Lyrics & Analysis: The Straigth And Narrow


Keep your eyes behind your nose
Keep your nose upon the road
Don’t forget the things your mother told you
You know that straight and narrow ain’t so wide
If you slip you’ll start to slide

	I don’t need to tell you
	Oh no, I don’t need to tell you
	Because you know for yourself

Straight and narrow ain’t so wide
If you slip you’ll start to slide
When you slide there ain’t no place
To run or even hide
Fingers scratching, try to find
The life you lost and left behind
Nothing doing, not this time
It’s straight on out and down the line

Short sax + guitar solo

Jim Pembroke 1968

Artist: Blues Section
Line-up:
        Jim Pembroke, vocals
	Hasse Walli, guitar
	Eero Koivistoinen, sax
	Pekka Sarmanto, bass
	Ronnie Österberg, drums
	Otto Donner, backing vocals
Release: First released on the compilation album ‘Some of Love’, Love Records LRLP 6, 1969. Presumably a left-out track from 1967 or 1968.
Studio: Finnvox
Producer: Otto Donner
Engineer: Erkki Hyvönen

General comment: This for a long time was one of the rarest Blues Section tracks, but it is now available on the ‘Blues Section 2’ CD. For more general comment see ‘Only Dreaming’.

The Music: First impression (the monk’s chorus) is that the Yardbird’s ‘For Your Love’ had not been made en vain.
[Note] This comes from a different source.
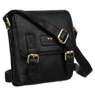 Skórzana, czarna listonoszka męska z klapką, zawieszona na regulowanym pasku - Peterson

Second impression the song is already over. Not a bad little ditty, though, and for once the jazz influences seem to work better than usual, perhaps because the composition is slightly more in that vein from the start.

The lyric: An encouragement, it seems, to give up some kind of drug or alcohol abuse and try to live a cleaner life. Perhaps the Gregorian chant is meant to be self-mocking, but the personal experiences that led to this might well have be serious enough, knowing the kind of life-style that existed among some young people in the late 1960s, not least in the rock music scene. Boy, did they look silly through the eyes of a ten-year-old, but the music undeniably had some glorious moments.